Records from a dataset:
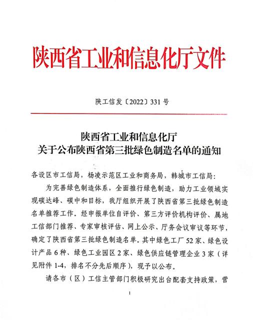 10月18日,陜西省工業和信息化廳公布了《陜西省第三批綠色制造名單》的通知,陜西煤業化工集團神木電化發展有限公司榜上有名。
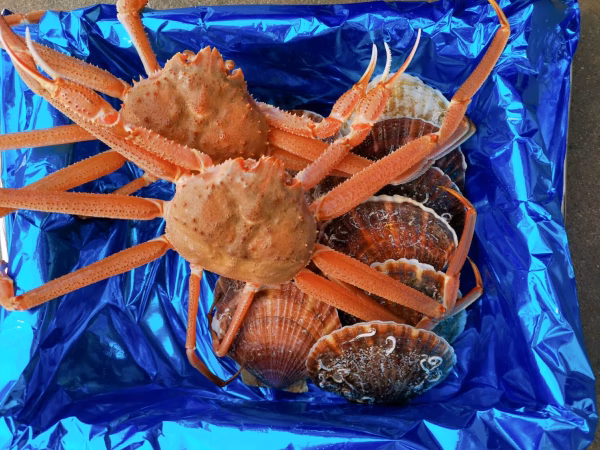 水揚げされたばかりの新鮮なズワイ蟹と新鮮なホタテのみでの漁師自ら目利きをした厳選セットとなります。
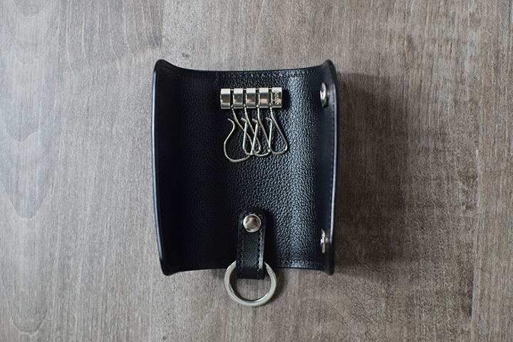 内装には4連のキーフックと取り外しが可能なキーリング付きパーツを備えています。この仕様により、複数のカギをまとめて収納することができます。
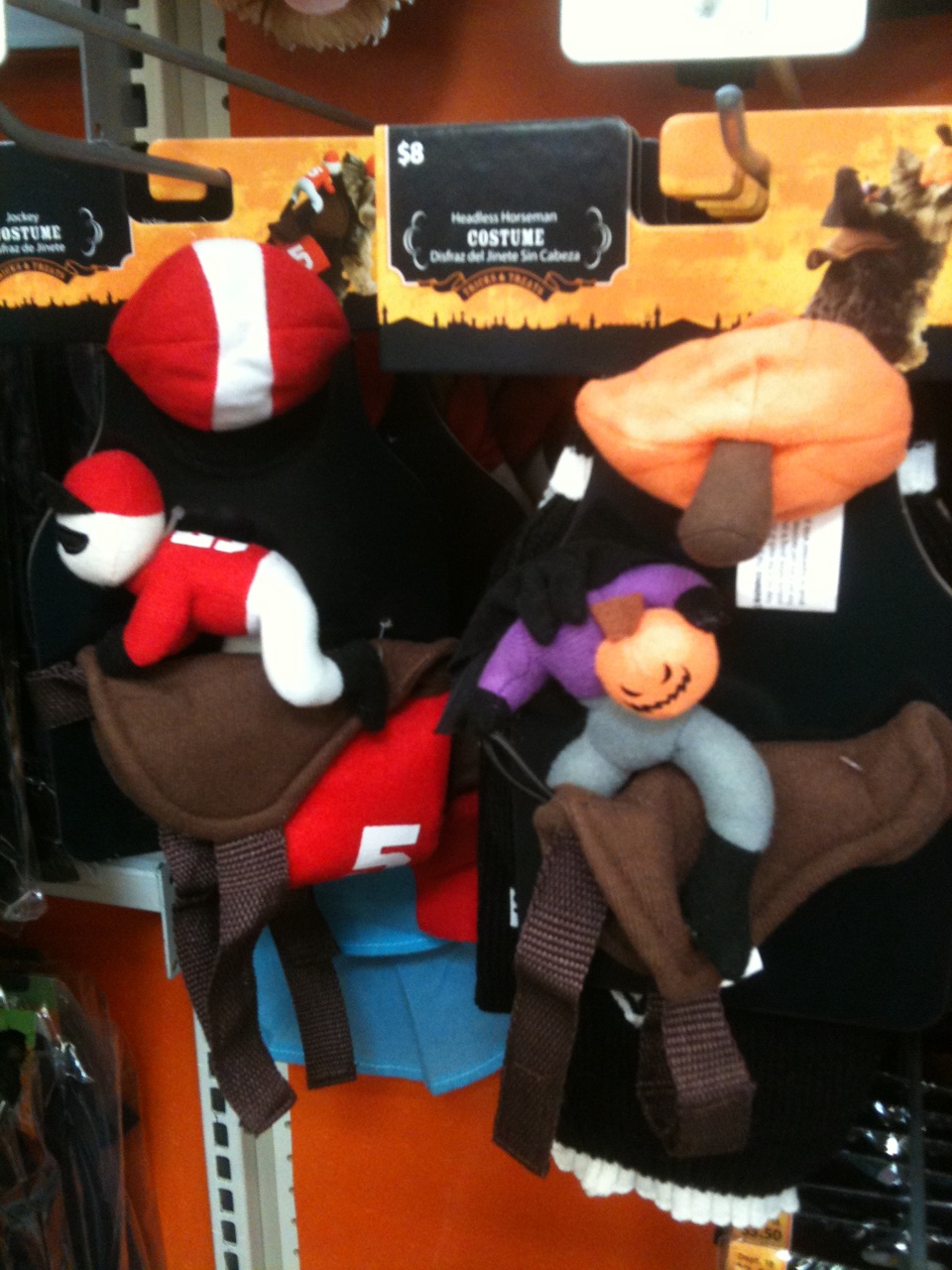 I saw these pet costumes in Walmart before Halloween, and would have loved to see an animal wearing one of them (particularly the headless horseman). A dog would have been cuter, but a cat, waaay more hilarious…but sadly, I didn’t see any pets in costume on the big day.
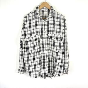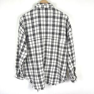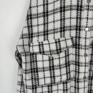 12th Tribe White Black Plaid Tweed Shacket Jacket Snap Button Women's One Size

### PROBLEM REQUIREMENTS
Your reply should give again exactly the lines from the one with "内装には4連のキーフックと取" through the last line of the data, with both ends included and pictures left out.

### SOLUTION FOR THIS TASK
 内装には4連のキーフックと取り外しが可能なキーリング付きパーツを備えています。この仕様により、複数のカギをまとめて収納することができます。
 I saw these pet costumes in Walmart before Halloween, and would have loved to see an animal wearing one of them (particularly the headless horseman). A dog would have been cuter, but a cat, waaay more hilarious…but sadly, I didn’t see any pets in costume on the big day.
 12th Tribe White Black Plaid Tweed Shacket Jacket Snap Button Women's One Size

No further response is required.